The unique natural habitats of Western Australia, especially the southwest, are home to a diverse array of unusual native mammals. New animals we've been on the lookout for include kultaar, ninguai, dibbler, dunnart, quokka, chuditch, numbat, woylie, phascogale and quenda. How's that for a list of animals you've never, ever heard of unless you're an Aussie? Most are not only native, but endemic to Western Australia … that is, found nowhere else in the world. Unfortunately, they're mostly shy and nocturnal and don't usually live near the sea, but we keep looking for them anyway. By the way, they do have the western grey kangaroo here … an animal we HAVE heard of. We might see quokkas when we visit Rottnest Island in the near future.

quokka sean mclean 2004

Here's a few more uniquities and superlatives of Western Australia ...

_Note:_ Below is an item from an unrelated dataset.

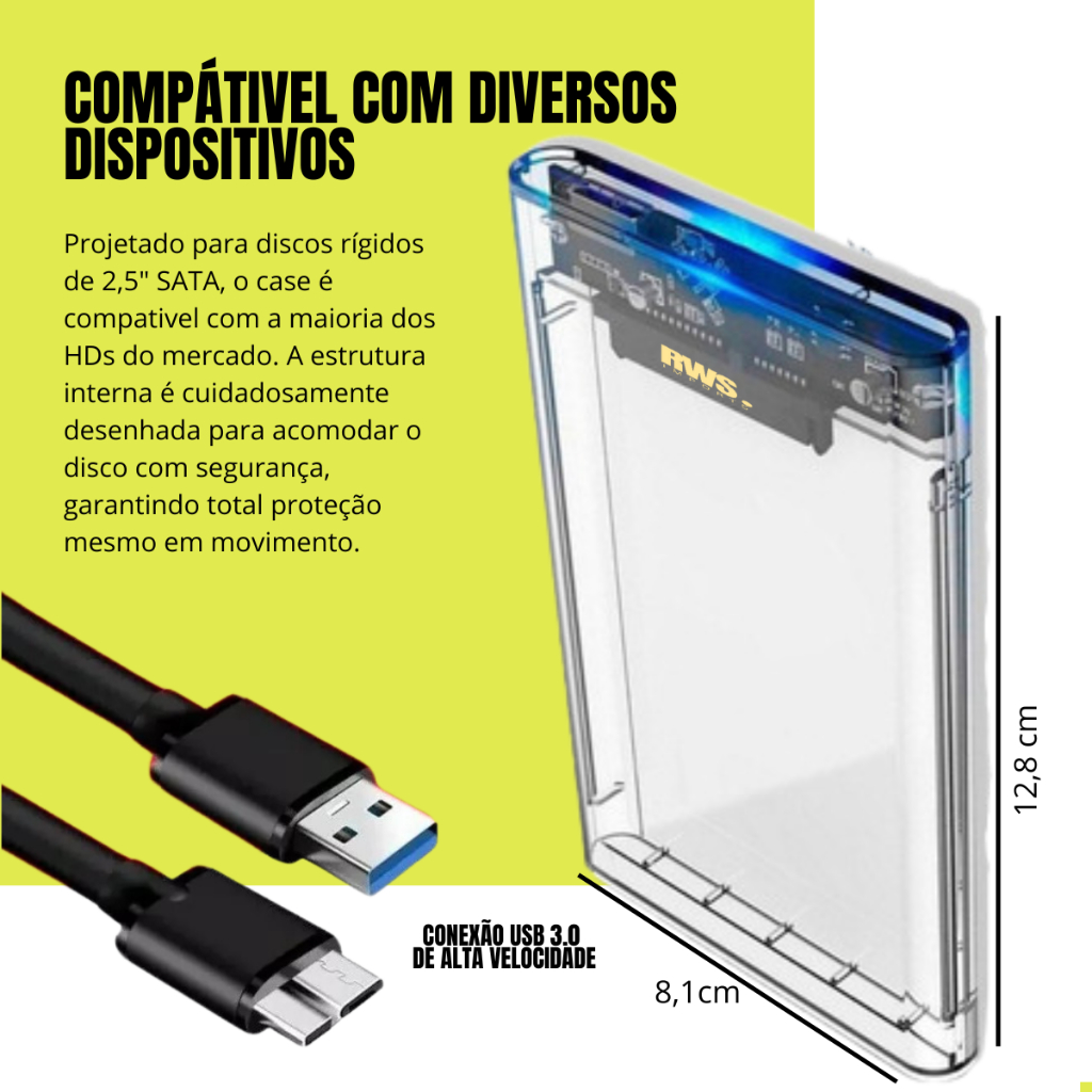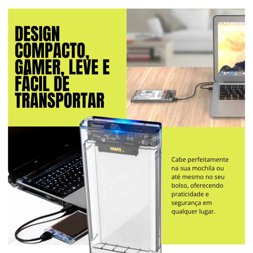 Case Slim para HD Externo 2.5” SATA USB 3.0 – Alta Velocidade e Portabilidade SSD Notebook PS4 XBOX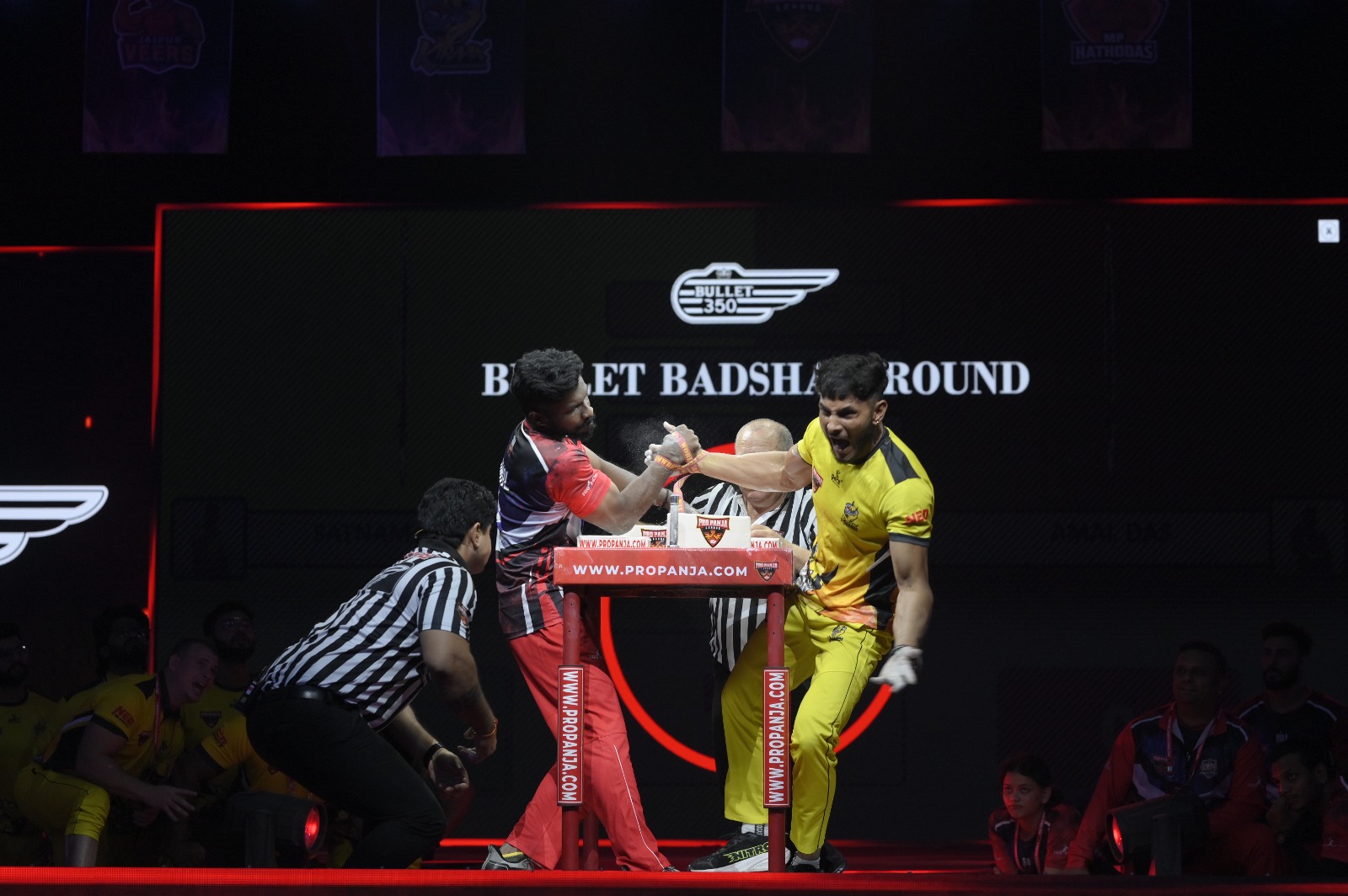मेन कार्ड फिक्सचर 2 में किरााक हैदराबाद के आब्हास राणा ने 100+ किग्रा वर्ग में रोहतक राउडीज़ के अमित चौधरी को 5-0 से हराया और 2 बोनस अंक भी हासिल किए। 70 किग्रा वर्ग में सतनाम सिंह ने रोहतक राउडीज़ के अमल दास को 10-0 से हराकर नया लीग रिकॉर्ड बनाया — 0.13 सेकंड में पिन। इस प्रदर्शन के बाद उन्हें “बुलेट बादशाहों का बादशाह” का ख़िताब दिया गया।

  • Western Australia has the largest privately owned railway in the world. Iron ore railways in the Pilbara region of northwest Western Australia are the most productive railways in the world. Today the Pilbara Rail (Hamersley Freight Line) operation consists of more than 1,300 km (808 mi) of railway, which is used to move around 110 million tons of ore every year across the stark landscape of Western Australia. Western Australia is the second-largest iron ore producer in the world.

iron ore train

  • The longest stretch of straight railway line in the world ends / starts in Western Australia. One of the worlds classic rail journeys, the Indian Pacific,starts in Perth.

india pacific

  • Western Australia is therichest plot of land in the world for natural mineral wealth. The value of Western Australia's mineraland petroleum sector in 2013 reached a new record of $113.8 billion. Iron ore is the the number one commodity, followed by petroleum products (oil, gas), gold, alumina, nickel copper, lead, zinc, cobalt, diamonds … they've got it all. The 'Golden Eagle' was the largest gold nugget ever found in W.A, weighing in at 35.5kg (67 lbs) and naturally shaped like an eagle with outspread wings. It was uncovered by 16-year-old Jim Larcombe, back in January 1931.

golden eagle replica

  • Western Australia's Mount Augustus is the largest rock in the world, 8 km long (4.8mi) x 3 km across (1.8mi) x 717m high (2,330').

mount augustus

  • The worlds oldest form of living organisms, stromatolites, can be found in Western Australia (and we hope to see them in Shark Bay).

 

stromolites

 

  • The waters of WesternAustralia are home to the largest fish in the world … the majestic whale shark, a harmless filter feeder.

whale shark

  • Western Australia has more cars and road space per capita than any place on earth.

  • The Argyle Diamond Mine in the far north of West Australia, is the world's largest diamond mine.

 

argyle diamon

  • Oh, yeah, and the nickname for natives of Western Australia? They're sandgropers!